Die nächste Schmerzwelle erfasste mich wie ein ausgewachsener Fenrir, der mich niedertrampelte. Ich unterdrückte ein Aufstöhnen und schluckte die aufsteigende Übelkeit hinunter. Im Hintergrund hörte ich zusätzlich Ivolis nervöses Flügelflattern, aber auch mein lieber Gefährte konnte mir nicht helfen. Wir waren beide ratlos.
Imesha
Ich betrachtete das Ergebnis aus allen möglichen Winkeln und lächelte mein Spiegelbild zufrieden an. Das sah doch schon viel besser aus als bei meinen ersten missglückten Versuchen. Da ich seit einiger Zeit mit dem Gedanken spielte mir die Haare kürzer schneiden zu lassen, hatte ich vor ein paar Tagen ganz zufällig mit Anesh darüber gesprochen, die mir dann andere Ideen geliefert hatte. Neue Frisuren, traditionell für die Magieweber-Frauen, elegant und einzigartig, ziemlich aufwendig, aber dafür sehr praktisch, wenn man sich viel bewegte. Heute Morgen hatte ich meine zwei Stunden Magieweben hinter mich gebracht, eine Stunde Meditation, Mittagessen in der Halle, wo sich auch alle anderen Gelehrten aufhielten und jetzt bereitete ich mich auf das längst überfällige Gespräch mit Amara und Rakurai vor. Noch verspürte ich keine herzflatternde Nervosität, aber ich vermutete, dass sich das spätestens dann änderte, wenn sie mir gegenübersaßen. Mein Wunsch, dass Ryu mich begleitete, hatte sich hingegen nicht geändert. Selbst wenn ich mich mittlerweile wohler fühlte, gut mit allen zurechtkam und viel über mich und meine Fähigkeiten dazugelernt hatte, machte mich meine verschollene Vergangenheit dennoch unsicher. Angst spielte auch eine gewichtige Rolle. Würde ich mich nach dem Gespräch wieder an alles erinnern können? Schöne sowie schlechte Momente? Freude und Schmerz? Allein der Gedanke an den Drachen mit den jadegrünen Augen, in denen das Leben erlosch, erschütterte mich zutiefst. Dieser Drache hatte mir einst sehr viel bedeutet. Das wusste ich auch ohne Erinnerungen. So wie ich Gewissheit besaß, dass meine Eltern mich bedingungslos geliebt hatten, auch wenn ich als Heranwachsende oftmals daran gezweifelt hatte. Jetzt nicht mehr. Mahomashu weckte tiefgreifende Gefühle in mir und das ließ sich nicht leugnen.

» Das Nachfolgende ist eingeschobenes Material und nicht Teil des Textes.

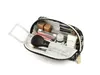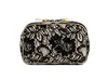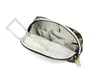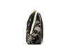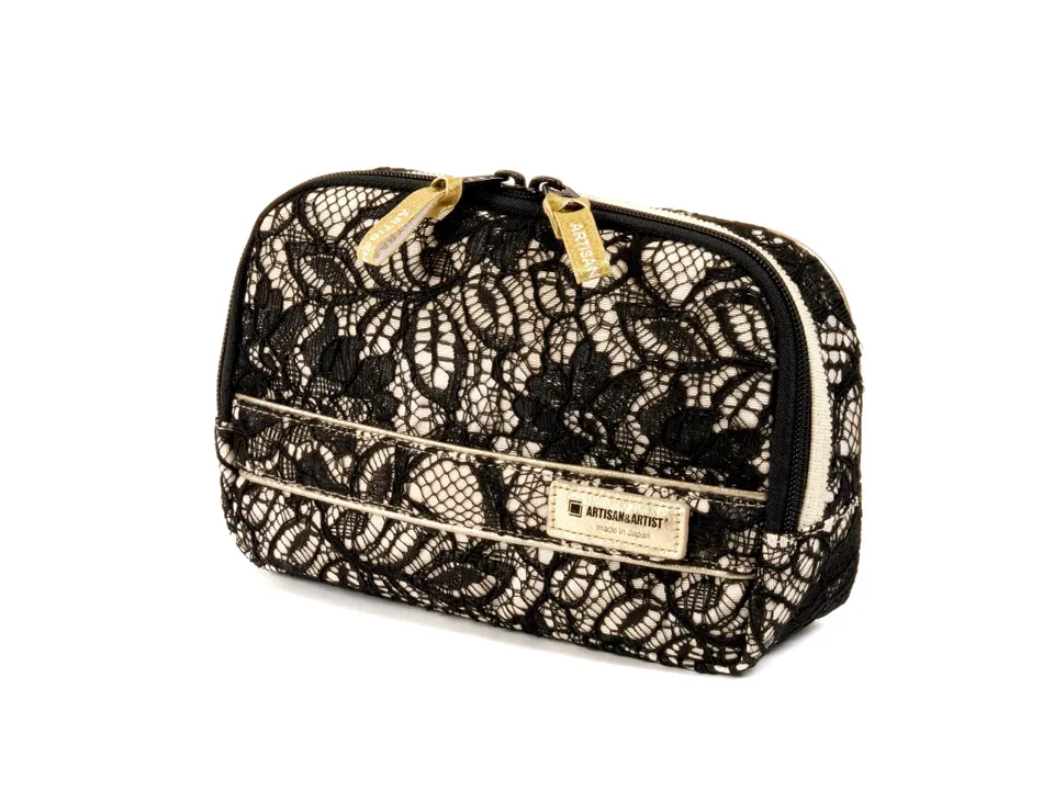 繊細なレースが上品さを際立たせるポーチシリーズ。太さの異なるマットブラック糸を組み合わせて表情豊かに編んだレース柄は、一般的なレースよりもコントラストのある表現力が特徴。 ベース生地の明るく華やかな色調のシャンパンゴールドとの組み合わせにより、品のある美しさが際立つデザインになっています。裏地には表の雰囲気に合わせて、落ち着いたアイスブルーを使用しており、シンプルでシーズンレスです。 トップからの斜めのカッティングにより、スマートかつコンパクトでありながらも、十分な収納力を実現しました。 ファスナーを開くとフロント部分の上半分が手前に倒れるつくり。中身が見渡しやすいうえ、中に入れたアイテムの出し入れもスムーズです。 ポーチを開くと、手前に2つのブラシホルダー。ファスナー開閉時に毛先を挟み込まないよう、太めブラシ用ホルダーはポーチ下部側に配置しています。ホルダーの口元はゴム入りで、ブラシをしっかりとホールド。ビニール製の下敷き&フラップも付いており、繊細な毛先とポーチ内の衛生をしっかり守ります。 ポーチ内部背面にもスティックアイテム用ポケットがついています。 ホルダーとポケットの向き・位置は、手前と奥とで交互に配置。こうすることで、ファスナーを閉じたときにアイテムの厚い(太い)部分同士が重なるのを防げ、スペースを有効利用できるようになっています。

Tief luftholend straffte ich die Schultern, warf die geflochtenen Zöpfe zurück und gab mir einen mentalen Tritt. Ich hatte keine Zeit mehr zu verschwenden. Ryu müsste auch bald eintreffen, da auch er seinen ganz eigenen Stundenplan hatte und wir unsere gemeinsamen Treffen vorab vereinbaren mussten. Manchmal sahen wir uns nur morgens und dann erst wieder abends beim Essen. Anfangs war das komisch gewesen. Da floh man gemeinsam in die raue Wildnis, verbrachte jede freie Minute miteinander und dann holte uns ein anderer Alltag ein. Ähnlich wie im Palast. Da hatten wir uns auch unregelmäßig gesehen. Es erstaunte mich, wie lange wir uns schon kannten und was wir in der Zeit erlebt hatten. Die Imesha vom letzten Jahr war mit der heutigen kaum zu vergleichen. So wie meine Beziehung zu Ryu, Ilea und Cael. Und natürlich Egon, der mich gurrend begrüßte, als ich mich im Schneidersitz aufs Bett setzte und nach den goldenen Armreifen aus Drasils Sammlung griff. Auch darüber wollte ich mit Amara und Rakurai sprechen. >Sei froh, dass du dir über keine ernsten Dinge den kleinen Kopf zerbrechen musst.< sagte ich an den Feuersalamander gewandt, der unaufgefordert auf mein Knie kletterte und mich aus großen, treuen Augen anblinzelte. Sein süßer Anblick entlockte mir jedes Mal ein Lächeln.